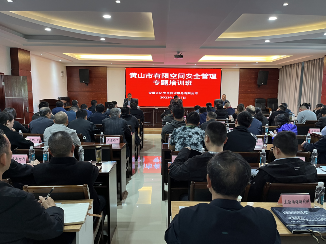 2023年4月27日,全市工貿(mào)行業(yè)(有限空間作業(yè))安全管理專題培訓(xùn)班順利開班。本次培訓(xùn)由安徽正億安全技術(shù)服務(wù)有限公司承辦,全市工貿(mào)行業(yè)涉及有限空間作業(yè)的企業(yè)近80家共110名學(xué)員參加。黃山市應(yīng)急管理局副局長吳永杰出席開班儀式并做重要講話,歙縣應(yīng)急局張衛(wèi)國局長主持會(huì)議。屯溪區(qū)、徽州區(qū)、祁門縣、黟縣、市高新區(qū)等區(qū)縣應(yīng)急管理局領(lǐng)導(dǎo)專程帶隊(duì)參加培訓(xùn)。
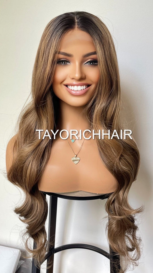 20 Inches Balayage Lace Front Wig/ 13x4 Wide Lace/ Black Roots Brown And Blonde Highlights/ Soft Narural Hair Synthetic Wig For WomenRegular price £125.00 GBPRegular priceUnit price / per-
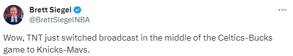 三节打完雄鹿111-70已经领先41分,据NBA记者Brett Siegel报道,TNT临时换台,把雄鹿和绿军的全美直播换成了独行侠尼克斯的比赛。之后雄鹿官方发推质问TNT为什么把全美直播撤销了。
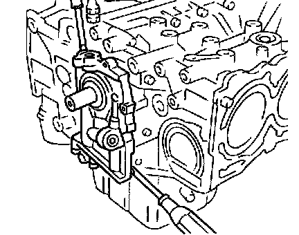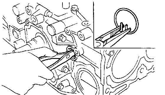 28) Remove oil pump from cylinder block. Use a flat-bladed screwdriver as shown in figure when removing oil pump.
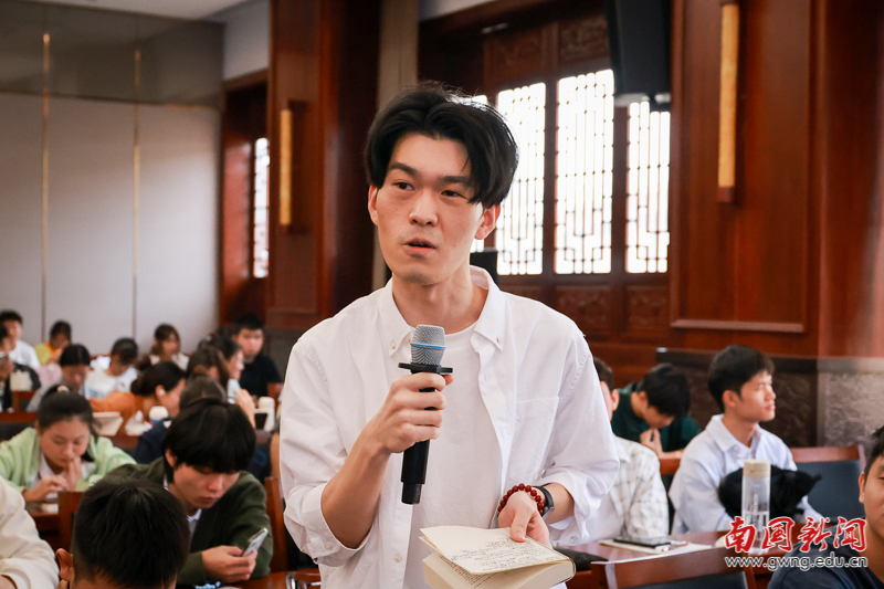 在交流探讨环节,现场气氛活跃。同学们就跨文化研究的方法、AI写作的查重规避、如何在文献中推陈出新等具体问题踊跃提问。郭教授一一给予了细致解答,他建议学术研究要“瞄准靶心,逐渐聚焦”,鼓励大家深入思考,勇于实践。与郭教授的对话更让大家更清晰地认识到,当代大学生要善于在智能革命中找到属于自己的“C位”;选择所爱,热爱所选。
......
- [Work instruction]: Give back the data exactly, with no images.

- [Task answer]:
 2023年4月27日,全市工貿(mào)行業(yè)(有限空間作業(yè))安全管理專題培訓(xùn)班順利開班。本次培訓(xùn)由安徽正億安全技術(shù)服務(wù)有限公司承辦,全市工貿(mào)行業(yè)涉及有限空間作業(yè)的企業(yè)近80家共110名學(xué)員參加。黃山市應(yīng)急管理局副局長吳永杰出席開班儀式并做重要講話,歙縣應(yīng)急局張衛(wèi)國局長主持會(huì)議。屯溪區(qū)、徽州區(qū)、祁門縣、黟縣、市高新區(qū)等區(qū)縣應(yīng)急管理局領(lǐng)導(dǎo)專程帶隊(duì)參加培訓(xùn)。
 20 Inches Balayage Lace Front Wig/ 13x4 Wide Lace/ Black Roots Brown And Blonde Highlights/ Soft Narural Hair Synthetic Wig For WomenRegular price £125.00 GBPRegular priceUnit price / per-
 三节打完雄鹿111-70已经领先41分,据NBA记者Brett Siegel报道,TNT临时换台,把雄鹿和绿军的全美直播换成了独行侠尼克斯的比赛。之后雄鹿官方发推质问TNT为什么把全美直播撤销了。
 28) Remove oil pump from cylinder block. Use a flat-bladed screwdriver as shown in figure when removing oil pump.
 在交流探讨环节,现场气氛活跃。同学们就跨文化研究的方法、AI写作的查重规避、如何在文献中推陈出新等具体问题踊跃提问。郭教授一一给予了细致解答,他建议学术研究要“瞄准靶心,逐渐聚焦”,鼓励大家深入思考,勇于实践。与郭教授的对话更让大家更清晰地认识到,当代大学生要善于在智能革命中找到属于自己的“C位”;选择所爱,热爱所选。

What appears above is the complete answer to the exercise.